Elizabeth Alexander, now famous for reading a poem at Barack Obama’s inauguration, also takes up the question of how literary form may or may not lend itself to facilitating group identification. In her essay on Jean Toomer’s 1923 novel Cane, Alexander describes Toomer’s choice not to appear in James Weldon Johnson’s Book of American Negro Poetry as his “being placed at times squarely within an African American community…but also resisting being classified as a Negro writer.” Cane’s refusal to stay for too long within any one formal or generic mode, with its abrupt shifts from lyric to drama to prose to song to commentary, might be read as refusing the straight-jacket of essentialism, racial or otherwise. But when Alexander tells us that the novel’s “gorgeous, strange, besotted, purple, overwrought,” prose will be “resurrected in the 1960s when it will suit a movement open to the political and aesthetic utility of black essentialisms,” we see Toomer’s efforts at shaking off constraints getting re-slotted into what are deemed necessary essentialisms.
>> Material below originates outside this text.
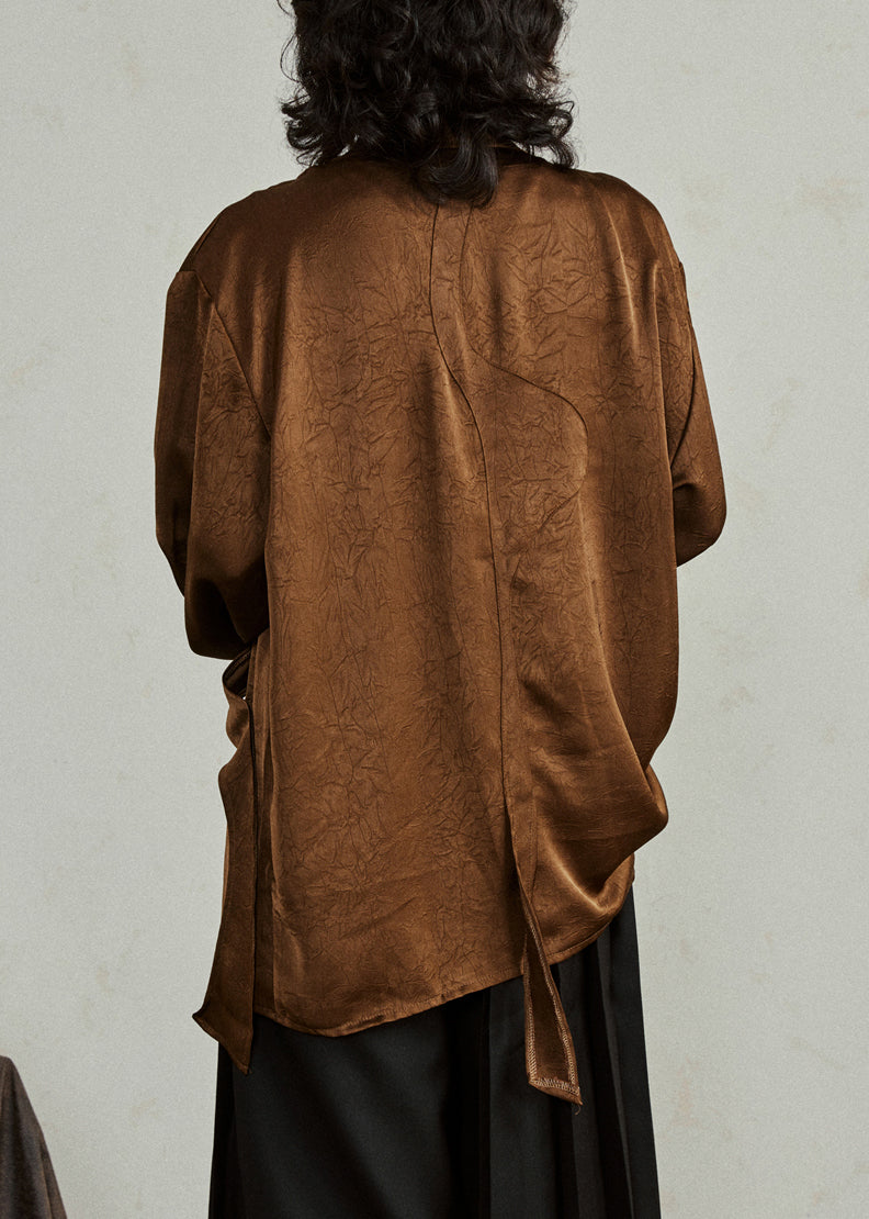 Brown Shirt Ribbon Peter Pan Collar Fall

Alexander understands this historical development as Toomer’s “crossing the color-line forever, or, rather, becom[ing] black in…a way not delimited by race.” Does she mean that Toomer’s work has crossed a line beyond which it must forever be treated a document of a “blackness,” rather than as a record of a human experience? Or is it that a “blackness…not delimited by race” is just a metaphor for a certain psychical condition; one that would presumably characterize everyone from Hamlet, to what Melville called, in a review essay on Hawthorne, the “power of blackness”? Alexander’s ambiguity seems to require us either to applaud the co-option of Toomer’s high modernism, or to question the mannerisms of a discipline that too often equates an insipid identity politics with critical thought. One is left to wonder if this is an example of the History’s “provocation,” or just the rubber stamping of the Harvard UP logo on established protocols.
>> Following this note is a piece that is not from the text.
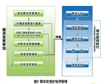 以下描述的是一个典型过程(如图1)。一项变更请求在需求管理系统中被提交后,与之关联的各个部门,如市场、项目管理、产品研发、QA、测试等,都会有相关人员接到系统通知而介入。他们将组成评估团队,根据实施难度、周期、费用、对其他机制的影响等指标,对该变更进行全面考察和评估。

The limitations of the History’s method become most obvious in its treatment of American music. This seems appropriate: for cranks as dissimilar as Theodor Adorno and Pierre Bourdieu, music (production for one, consumption for the other) could be the most revealing of status markers. In the case of the History, the criterion for selection is as partisan as a playlist on somebody else’s iPod. Popular forms attaining the respectability of Art (like Dylan, or The Birth of the Cool, or Hank Williams) are mostly accounted for, but virtually no composers of Western art (“classical”) music were seen fit for inclusion. This means no Henry Cowell, Conlon Nancarrow, nor Elliot Carter; Charles Ives, John Cage and La Monte Young are mentioned only in passing; no Terry Riley, Anthony Braxton, Steve Reich nor John Adams. And no Frank Zappa, a truly fearless high/low magpie, neither above nor below grafting a serial tone row into a doo-wop song.
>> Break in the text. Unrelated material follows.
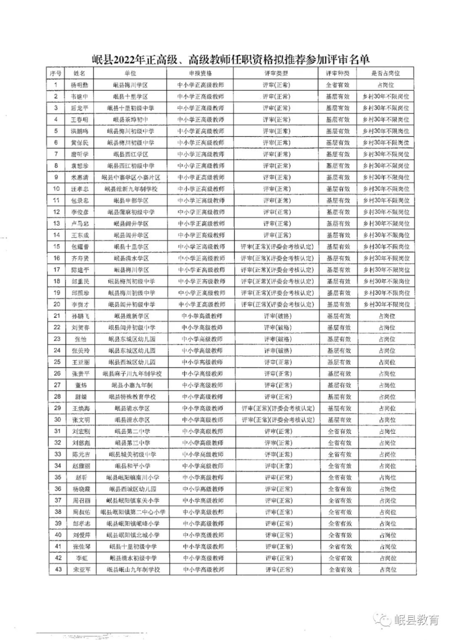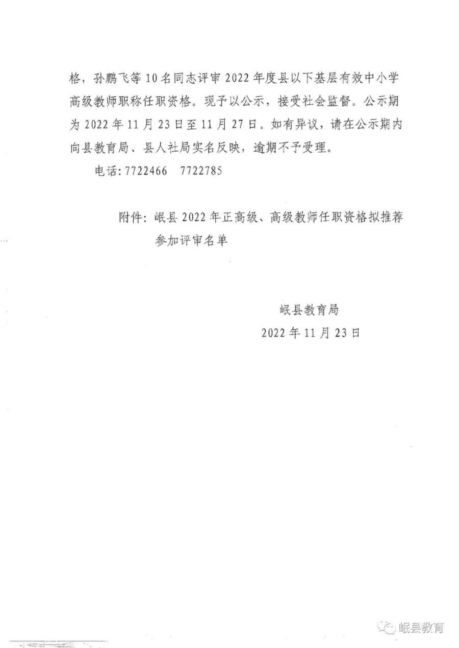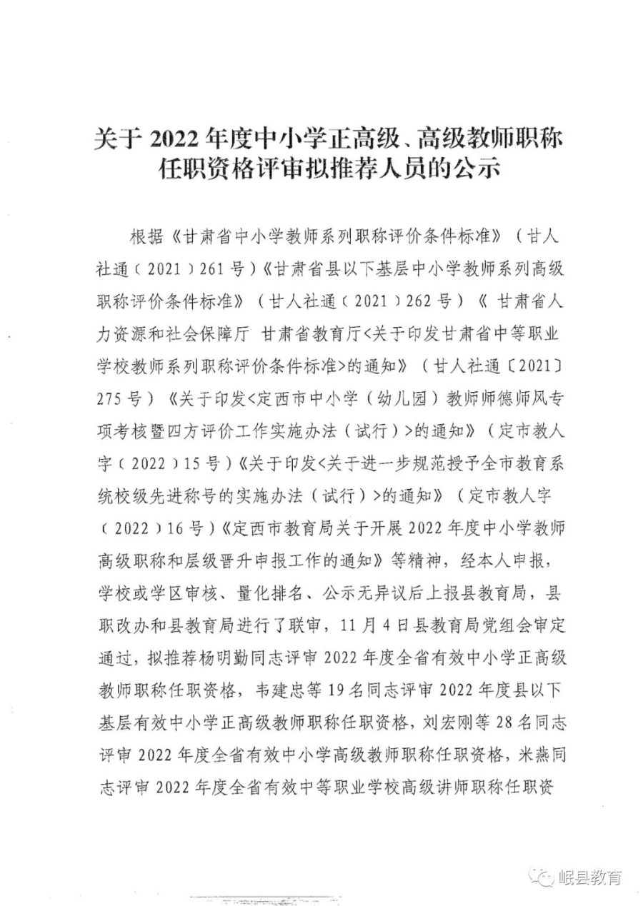 关于2022年度中小学正高级、高级教师职称任职资格评审拟推荐人员的公示

What are the cultural politics at work here? Does the commitment to celebrating the end of the high/low divide make it easy to cheerlead pop stars but impossible to consider (or at least mention), say, Braxton’s Orchestra Pieces? All of this reminds one of the cultural studies department that worships Benjamin because he was into media but disses Adorno because he didn’t get jazz. As Alex Ross (for one) has recently shown, you can’t really explain the history of American music without considering the—sometimes direct, more often elliptical—lines of influence informing vastly different sorts of composing and listening, especially in the 20th century. The truncated version we get in the History is both soothing to present listening habits, and misleading in its omissions. This is why “provocation” as an organizing principle doesn’t suit the historian’s obligation to explain a given phenomenon adequately, and seems rather better suited for registering current market trends.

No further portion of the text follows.